Chapter 15 - "battery juice"

I’ve been to Disney World before, so naturally I’ve visited a replicated Western town complete with a saloon, a bank, a hotel, a general store, etc. But I was completely caught with my pants down as it relates to the rush of emotions I felt when we coasted into the heart of this little cowboy town. Guys were crossing the street with boots and spurs and tight Wrangler pants and belt buckles the size of drink coasters. And they weren’t wearing costumes, this was their everyday wardrobe. They sauntered forward as if they hadn’t a care in the world. It was a perfect picture of what I think of when I think of the word, “mosey”. There wasn’t any rush. There wasn’t anything terribly pressing. Nobody had to get somewhere. It wasn’t a ghost town, but you start to understand why people use that phrase to describe places that aren’t teeming with traffic congested with the commotion of commerce.

People were standing on the sidewalks starring at us as we glided into town, diesel engine idling with a guttural racket that is music to a rednecks ears. It was almost as if the onlookers knew that strangers were in town and were making plans as vigilantes to keep a watchful eye on our whereabouts and goings on.

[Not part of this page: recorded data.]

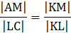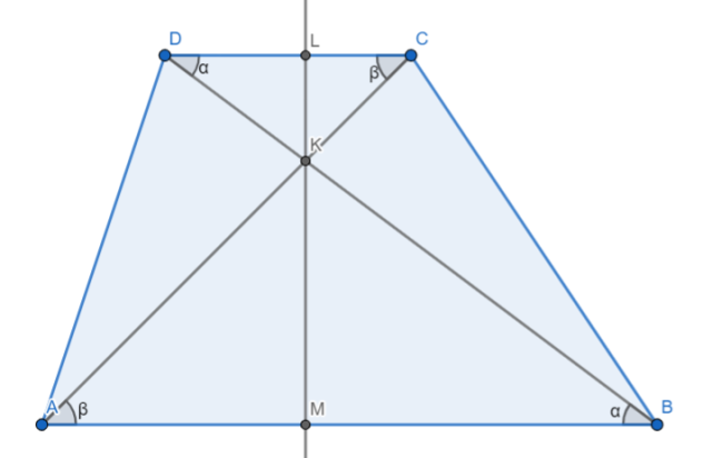 Przez punkt K przecięcia się przekątnych AC i BD trapezu poprowadzono prostą m, która jest prostopadła do obu podstaw trapezu. Prosta m przecina krótszą podstawę DC trapezu w punkcie L, a dłuższą podstawę AB w punkcie M. Wiadomo, że długość odcinka LM wynosi 12 cm, długość odcinka KL wynosi 2 cm, a długość odcinka LC wynosi 3 cm. Oblicz długość przekątnej AC trapezu.
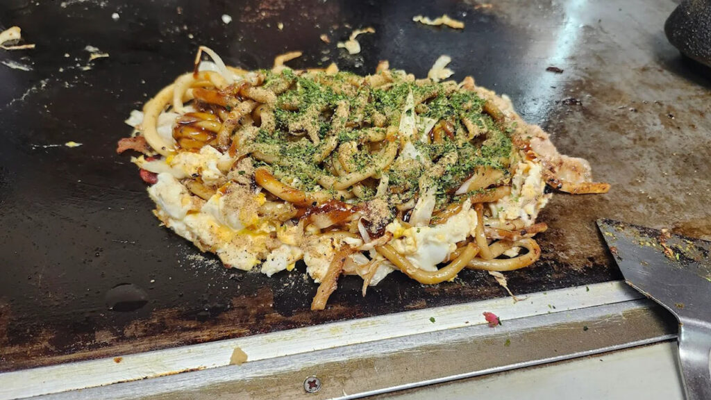 「お好み焼き みよし」では、伝統的な「台付(麺入り)」の三津浜焼きを提供。うどんかそば、シングルかダブル(1.5玉も可能)の麺量を選べるシンプルなメニュー構成が特徴で、価格も手ごろです。昔ながらの雰囲気を残す小さな鉄板前カウンター席が特徴で、出来たての三津浜焼きをすぐに味わえる温かいお店です。ソースでしっかり味付けされた麺・生地のふんわり感・そして牛脂のコク。また、魚粉を使っており、風味豊かで濃厚な味わいが楽しめます。
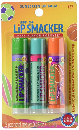 -. Binding : Health and Beauty -. Brand : Bonne Bell -. Color : Assorted -. EAN : 0350051501576 -. Feature : Best Flavor Forever * Sunscreen Lip Balm / SPF 24 Lip Smacker / * Kiwi Berry Crush * Watermelon Wave * Cool Strawberry Orange / Moisturize and protect your lips from the sun, wind and cold with these delicious, soothing lip balms / Keep your lips soothed and healthy looking all year long -. Label : The Bonne Bell Company -. Manufacturer : The Bonne Bell Company -. Model : 157 -. MPN : 50157 -. PackageQuantity : 1 -. PartNumber : 50157 -. ProductGroup : Health and Beauty -. ProductTypeName : HEALTH_PERSONAL_CARE -. Publisher : The Bonne Bell Company -. Studio : The Bonne Bell Company -. Title : Bonne Bell Lip Smacker Trio, SPF 24, (157) -. UPC : 350051501576
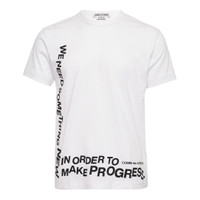 600064767WHT00S / OZ-T315/051/2 - Premium cotton jersey construction - Crew neck design - Short sleeves - Conceptual text print placement - Regular fit - Signature COMME des GARCONS branding COMME des GARCONS Cotton Jersey Print T-Shirt delivers avant-garde Japanese design with conceptual typography and unconventional placement. Crafted from premium cotton jersey in clean white, featuring bold black text graphics that wrap around the silhouette. The statement print reading "WE NEED SOMETHING NEW" and "IN ORDER TO MAKE PROGRESS" creates the brand's signature intellectual streetwear aesthetic.
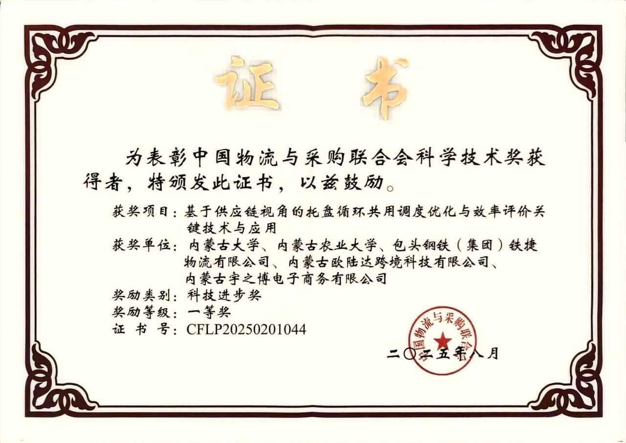 近日,中國物流與采購聯(lián)合會(CFLP)正式公布了2025年度科學技術(shù)獎評審結(jié)果。我院任建偉教授團隊的研究成果“基于供應(yīng)鏈視角的托盤循環(huán)共用調(diào)度優(yōu)化與效率評價關(guān)鍵技術(shù)與應(yīng)用”榮獲科技進步獎一等獎。成果主要完成人:任建偉、李成兵、陳春花、孫哲、徐鐵、李一川、閆振英、霍月英、張鵬、魏中華、喬曉波。
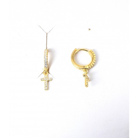 Orecchini in argento 925 IP oro giallo a cerchio con croce pendente e zirconi trasparenti

Everyone would wave at you…literally everyone. It didn’t matter that they didn’t know you, if you had taken the pains to get to their obscure little town, the least they could do was welcome you with a bit of hospitable gesticulation. Some would grab the tip of their cowboy hat, some would nod with a subtle closing of the eyes, some would release their grip on their steering wheel momentarily lifting their callused fingers and bending their swollen knuckles, and some would wink as they tilted their head off to the side. It wasn’t like walking into Cheers in the heart of Boston where everyone knows your name, but it was a cross-cultural experience nonetheless. They didn’t know our names, but they acknowledged our presence, something communities nowadays don’t do, and furthermore, don’t know how to do anyone. It’s amazing how big of a wave is created by a simple wave…the kind of wave you catch that carries your heart to shore.

Doug started pointing at people and places, rehearsing memories and misadventures, and retelling stories filled with sorrow and spirit. I was taking in the locale with all the photographic memory I could muster. I was trying to burn images into my brain so that I could retrieve them from the rolodex of recollections when I needed to draw on them for strength. Moments like this are more than events, they are experiences that put juice back in my battery…and that’s what life had been lately, a battery of batterings. I needed these experiences to lodge themselves within the immaterial part of my being so that I could call upon them in a time of dire need.

As we took a left turn and left the little epicenter of life in the downtown area, we strolled into a little neighborhood where the realtor lived that Doug had been working with to sell his property. There were animal skins on the sides of sheds, Elk antlers hanging over garage doors, and pickup trucks from the late seventies in driveways (without rust I might add).

As we pulled into the driveway of the realtor’s house, he waved at us from his dinning room table. You could see his big smile through the spacious bay window. I thought to myself, “I can’t wait to meet my first Augustan native.”

Comments

tess said…
oh my gosh, i love the image..it instantly makes me want to go there just so I can say I've been to a one horse town!